Letting me bear the blame … I'll tell Cockie; I'll tell him everything we've worked out; he thinks it couldn't have been any of you and so it must have been me … But it could have been
any
of you; I'll tell Cockie; I'll make him see …”

“Oh, Edward,
darling
…!” pleaded Bella.

He turned on her furiously. “Keep quiet! Keep
quiet!
If–if it hadn't been for you filling me up with stupid nonsense, taking me to see the wrong kind of doctors, phony ones, sensational ones who told me I might do things and made me experiment and want to see if it would really happen … Making me think I was queer and different …” He broke off, then shouted, standing over her, both of them white and shaking, both almost in tears: “If I'm mad,
you're
mad! If I'm mad, where did I get it from? Perhaps
you
killed Grandfather, perhaps you did squirt poison over his food–you could have! Perhaps
you're
mad, Bella; if I am, why shouldn't
you
be?”

“But the whole point is that you're not, Edward,” said Stephen in his quiet way. “And if you're not, there's no reason to suppose that Bella is. And unless she was mad and did it without a motive, she surely wouldn't have killed Sir Richard; why should she?”

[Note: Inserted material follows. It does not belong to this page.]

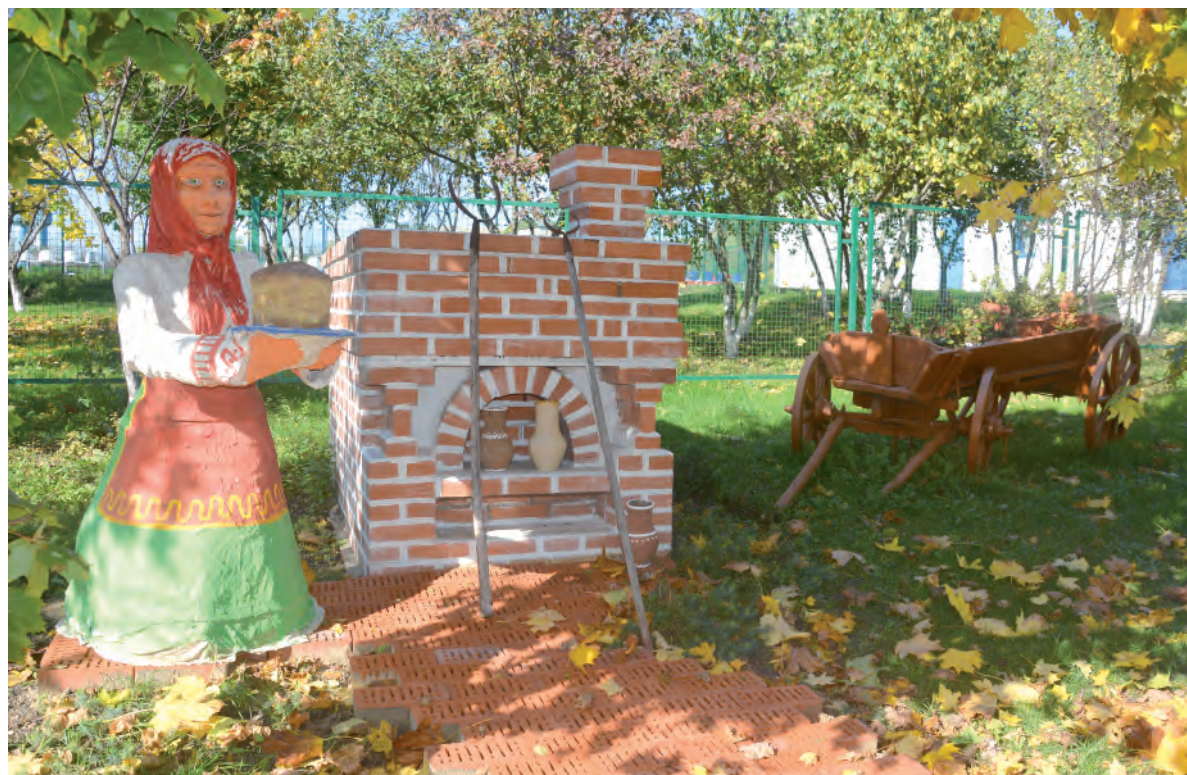
Этнографический уголок демонстрирует уклад сельской жизни наших предков.

Заря Учредители: министерство общественных коммуникаций Белгородской области; администрация Алексеевского городского округа, администрация Красненского района Белгородской области, Совет депутатов Алексеевского городского округа Белгородской области, муниципальный совет муниципального района «Красненский район», АНО «Редакция газеты «Заря».

Edward turned away with a sort of half-movement, like a hurt animal. “Well, I don't know … Anyway, it was one of you. Wasn't it, Cockie? Her or Peta or Claire or Philip or–who's left?–Ellen.”

“It was one of six people here,” said Cockrill, steadily.

“Well, all right, counting me.” He looked round him almost as though he were the centre of some game at a children's party. “It couldn't be Ellen, because of Brough. And it couldn't be Philip because we don't really believe, not seriously, that he isn't Philip; and, of course, Dr. Newsome wouldn't have made such a mess of the time-of-death business. We were silly to think of that.”

“Thank you,” said Philip, sarcastically; but one couldn't really resent what he said, poor desperate boy.

“So that leaves–it leaves Peta and Claire. And Claire–well, Peta showed, that day, how Claire could have gone up the path the night before and killed Grandfather and come away; and only pretend to go up it the next morning and see him sitting in the window.” He looked rather frightened; and shame-faced. “Well, you heard Peta say it, Cockie;
I
'
m
not telling you. It–it could have happened.”

There was a silence. Claire said at last, “Well–Ellen?”

“Yes?” said Ellen.

“Aren't you going to tell Edward about that morning? You were standing on the balcony outside your bedroom; you could see right over the bushes at the edge of the drive–you could see down to the lodge. You must have seen me walking up the path to the French window, and running down again.
You
know that I really did go up the path.”